2.5 Image Annotation

Look at this image:
http://images.zeit.de/hamburg/stadtleben/2015-08/drage-vermisste/drage-vermisste-540x304.jpg

NOTE: It’s recommended to copy the images to an internal server, to ensure that they will be available in the future. If the above image disappears, any statements about its URL become sort of useless.

CERTH has software that can annotate it with heuristic tags and confidence, eg like this (many more tags are produced for this image):

Concepts3_Or_More_People # 0.731893
Amateur_Video            # 0.884379
Armed_Person             # 0.35975 

We can represent this in RDF using various alternatives.

2.5.1 Open Annotation

The Web Annotation Data Model (also known as Open Annotation, OA) is widely used for all kinds of associating two or several resources: bookmarking, tagging, commenting, annotating, transcription (associating the image of eg handwritten text with the deciphered textual resources), compositing pieces of a manuscript (SharedCanvas), etc.

The OA ontology has gone through a huge number of revisions at various sites. To avoid confusion:

We represent image annotations as oa:SemanticTag:

  • The image is the target, tags are (linked to)*bodies*
  • The tags are expressed as oa:SemanticTag. The construct of using skos:related is doubtful and will likely be removed, but for now we’ll use it
  • OA asks us to describe the nature of the relation as a specific oa:motivatedBy. In this case I picked oa:tagging.
  • We state the nature of the resource as rdf:type dctype:Image, and its mime type as dc:format.
  • We record basic creation (provenance) information.

./annot-image-oa.ttl
./img/annot-image-oa.png

Unfortunately OA has no standard way to express confidence, which is essential for this use case. I have raised this as restful-open-annotation/spec#3. Above we use a custom property ms:confidence, and in further subsections I show other options.

2.5.2 Representing Confidence with Stanbol FISE

Apache Stanbol defines an “enhancement structure” using the FISE ontology, which amongst other things defines fise:confidence.
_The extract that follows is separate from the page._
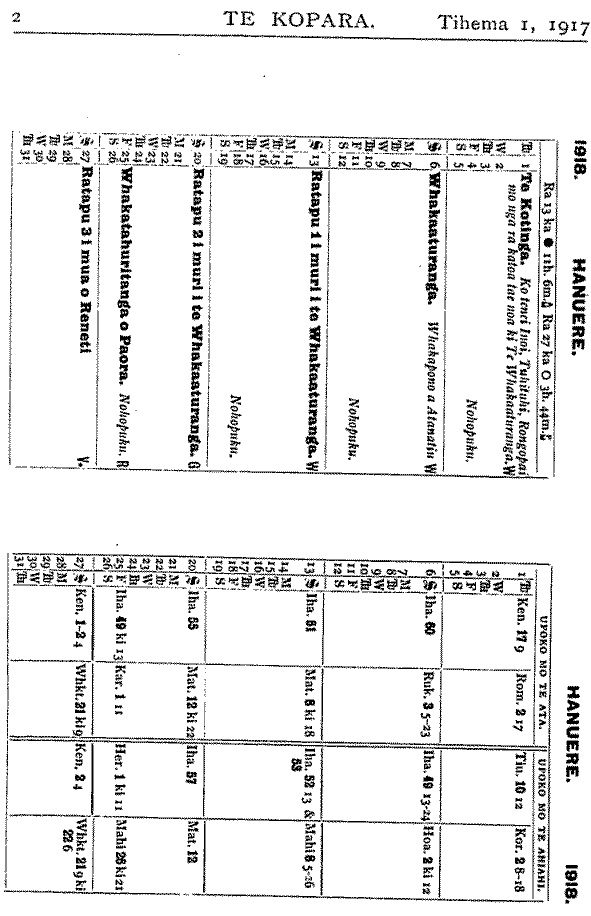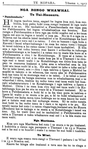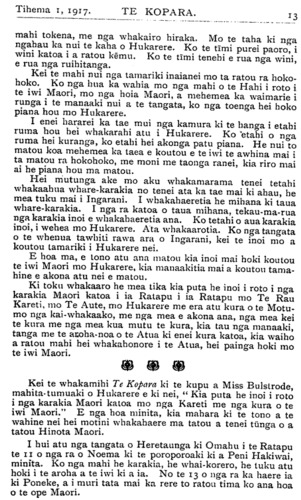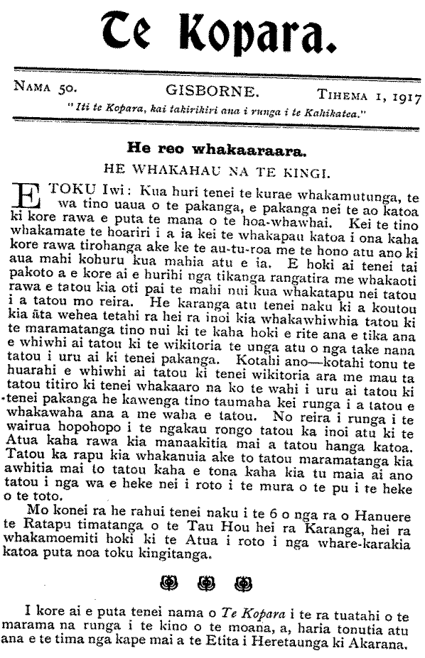 Te Kopara. NAMA 50. GISBORNE. TIHEMA 1, 1917 "Iti te Kopara hai takirikiri ana i runga i te Kahikatea." He reo whakaaraara. HE WHAKAHAU NA TE KINGI. E TOKU Iwi: Kua huri tenei te kurae whakamutunga, te wa tino uaua o te pakanga, e pakanga nei te ao katoa ki kore rawa e puta te mana o te hoa-whawhai. Kei te tino whakamate te hoariri i a ia kei te whakapau katoa i ona kaha kore rawa tirohanga ake ke te au-tu-roa me te hono atu ano ki aua mahi kohuru koa mahia atu e ia. E hoki ai tenei tai pakoto a e kore ai e hurihi nga tikanga rangatira me whakaoti rawa e tatou kia oti pai te mahi nui kua whakatapu nei tatou i a tatou mo reira. He karanga atu tenei naku ki a koutou kia ata wehea tetahi ra hei ra inoi kia whakawhiwhia tatou ki te maramatanga tino nui ki te kaha hoki e rite ana e tika ana e whiwhi ai tatou ki te wikitoria te unga atu o nga take nana tatou i uru ai ki tenei pakanga. Kotahi ano - kotahi tonu te huarahi e whiwhi ai tatou ki tenei wikitoria ara me mau ta tatou titiro ki tenei whakaaro na ko te wahi i uru ai tatou ki tenei pakanga he kawenga tino taumaha kei runga i a tatou e whakawakia ana a me waha e tatou. No reira i runga i te wairua hopohopo i te ngakau rongo tatou ka inoi atu ki te Atua kaha rawa kia manaakitia mai a tatou hanga katoa. Tatou ka rapu kia whakanuia ake to tatou maramatanga kia awhitia mai to tatou kaha e tona kaha kia tu maia ai ano tatou i nga wa e heke nei i roto i te mura o te pu i te heke o te toto. Mo konei ra he rahui tenei naku i te 6 o nga ra o Hanuere te Ratapu timatanga o te Tau Hou hei ra Karanga, hei ra whakamaemiti hoki ki te Atua i roto i nga whare-karakia katoa puta noa toku kingitanga. I kore ai e puta tenei nama o Te Kopara i te ra tuatahi o te marama na runga i te kino o te moana, a, haria tonutia atu ana e te tima nga kape mai a te Etita i Heretaunga ki Akarana.

We want to use fise:TopicAnnotation that goes like this:
http://stanbol.apache.org/docs/trunk/components/enhancer/es_topicannotation.png

As you see, it points to fise:TextAnnotation using dc:relation; if you scroll to the top, you’ll see that points further to the (textual) annotated resource (ContentItem): we don’t want that since we have image not text. But there are also fise:extracted-from (dashed arrows) pointing directly to the resource. The NIF+Stanbol profile shows the same idea of using fise:extracted-from directly:

./20141008-Linguistic-LD/img/NIF-profiles.png

We bastardize the ontology a bit:

  • skip dc:relation, as we don’t have fise:TextAnnotation
  • skip fise:entity-label, as it just repeats skos:prefLabel of the concept
  • skip fise:entity-type, as it just repeats rdf:type of the concept
  • make a direct link fise:extracted-from to the content. TODO: this is redundant since oa:hasTarget already points there. So we can skip it

The result is: ./annot-image-fise.ttl
./img/annot-image-fise.png

2.5.3 Representing Confidence with FAM

The FusePoolP3 Annotation Model (FAM) has invesigated merging of OA, NIF and Stanbol FISE, and defines fam:confidence that we can use. Some links:

We would use fam:TopicAnnotation: see a mapping from fise:TopicAnnotation to fam:TopicAnnotation. But because this results in an isomorphic graph structure, we don’t show it here.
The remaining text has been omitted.